» **WORK TASK**
Pictures stay out; please output the remaining data exactly.

Segment Open

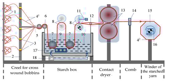 Every innovation in the starching process of spun yarns, which brings a new approach, new methods or optimizes the existing ones, represents a contribution to the production of woven fabrics. The aim of starching is to improve the properties of the yarn before the weaving process, if the yarn does not have satisfactory strength, sufficient resistance to wear and generates static electricity during the processing. The fibre and yarn processing stages before the starching process, as well as the processes that follow starching, affect the final quality and economic justification of starching. The properties of most spun yarns are not at a level that would meet the target quality and optimal woven fabric production. In order to realize the weaving process with a satisfactory utilization of the weaving machines and a satisfactory quality of the produced fabric, the warp and weft yarns must have certain properties that ensure the set goals [1,2]. Starching makes it possible to achieve the necessary properties that guarantee the target quality of the finished product. The efficiency of starching depends not only on the adhesion between the applied starching agent and the yarn but also on the ability to form a surface layer of starch pick-up, the rheological properties of the starch mass, the physico-chemical properties of the yarn, as well as on the technological parameters of the starching process itself [3,4].
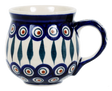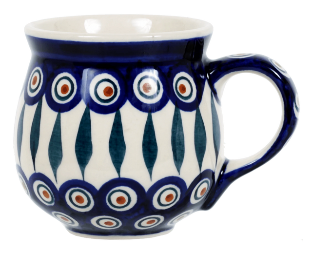 Start your day off right with the Polish Pottery 10 oz. Mug by Manufaktura in the beautiful "Peacock" pattern. This medium belly mug is the perfect shape for your morning coffee, and its exquisite design will surely put you in a good mood. With its predominate blue color, accented with green, white, and brown, the "Peacock" pattern is a stunning combination of nature-inspired elements.
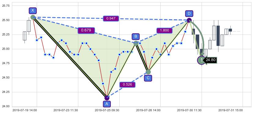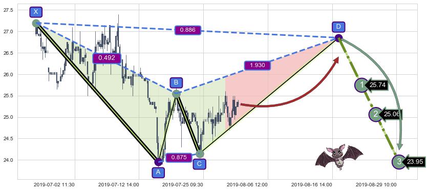 ➣ 未完成【蝙蝠】形态起点X: 06-24:11, 已到达C点: 07-24:13, 预测最终D点: 08-19:13, 共224交易小时
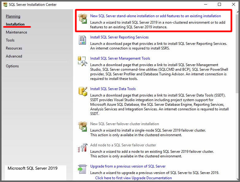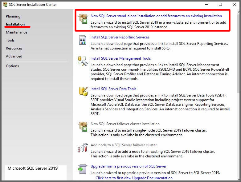 Sql-Server1 isimli sunucumuz üzerinde SQL Server 2019 kurulumumuzu başlatalım. Biz SQL Always On mimarisi yapılandıracak olduğumuz için New SQL Server stand-alone installation or add features to an existing installation seçimini tıklayalım.
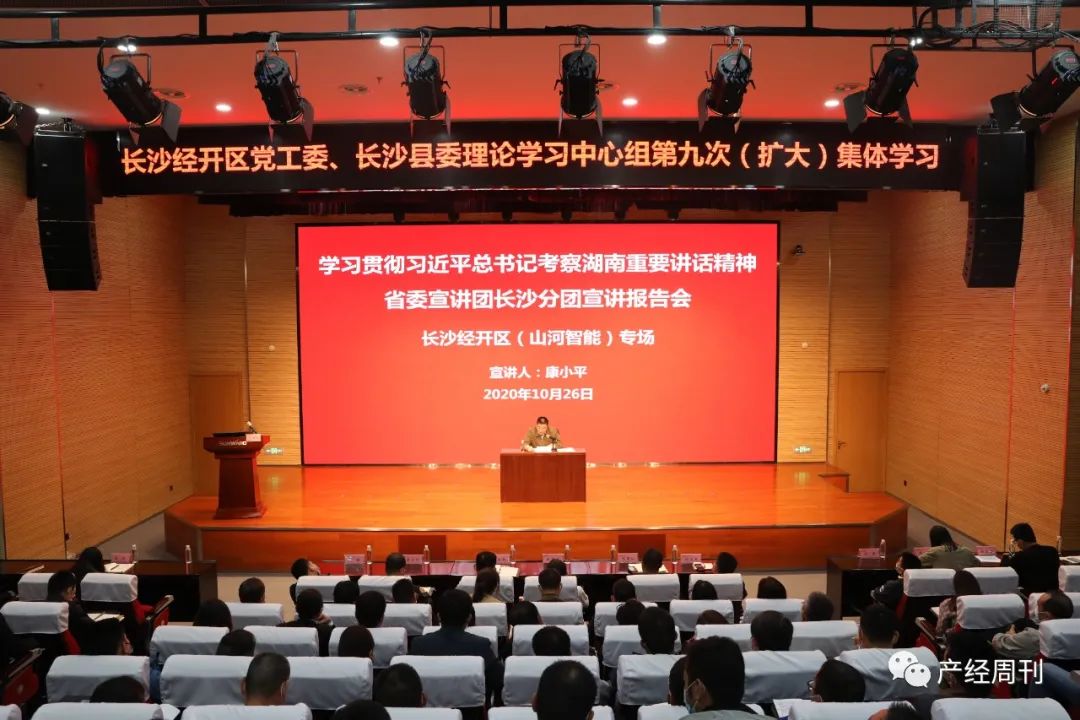 10月26日,学习贯彻习近平总书记考察湖南重要讲话精神省委宣讲团长沙分团长沙经开区(山河智能)专场宣讲报告会暨长沙经开区党工委、长沙县委理论学习中心组第九次(扩大)学习会在山河工业城举行。

Segment Closed

» **TASK OUTPUT**
 Every innovation in the starching process of spun yarns, which brings a new approach, new methods or optimizes the existing ones, represents a contribution to the production of woven fabrics. The aim of starching is to improve the properties of the yarn before the weaving process, if the yarn does not have satisfactory strength, sufficient resistance to wear and generates static electricity during the processing. The fibre and yarn processing stages before the starching process, as well as the processes that follow starching, affect the final quality and economic justification of starching. The properties of most spun yarns are not at a level that would meet the target quality and optimal woven fabric production. In order to realize the weaving process with a satisfactory utilization of the weaving machines and a satisfactory quality of the produced fabric, the warp and weft yarns must have certain properties that ensure the set goals [1,2]. Starching makes it possible to achieve the necessary properties that guarantee the target quality of the finished product. The efficiency of starching depends not only on the adhesion between the applied starching agent and the yarn but also on the ability to form a surface layer of starch pick-up, the rheological properties of the starch mass, the physico-chemical properties of the yarn, as well as on the technological parameters of the starching process itself [3,4].
 Start your day off right with the Polish Pottery 10 oz. Mug by Manufaktura in the beautiful "Peacock" pattern. This medium belly mug is the perfect shape for your morning coffee, and its exquisite design will surely put you in a good mood. With its predominate blue color, accented with green, white, and brown, the "Peacock" pattern is a stunning combination of nature-inspired elements.
 ➣ 未完成【蝙蝠】形态起点X: 06-24:11, 已到达C点: 07-24:13, 预测最终D点: 08-19:13, 共224交易小时
 Sql-Server1 isimli sunucumuz üzerinde SQL Server 2019 kurulumumuzu başlatalım. Biz SQL Always On mimarisi yapılandıracak olduğumuz için New SQL Server stand-alone installation or add features to an existing installation seçimini tıklayalım.
 10月26日,学习贯彻习近平总书记考察湖南重要讲话精神省委宣讲团长沙分团长沙经开区(山河智能)专场宣讲报告会暨长沙经开区党工委、长沙县委理论学习中心组第九次(扩大)学习会在山河工业城举行。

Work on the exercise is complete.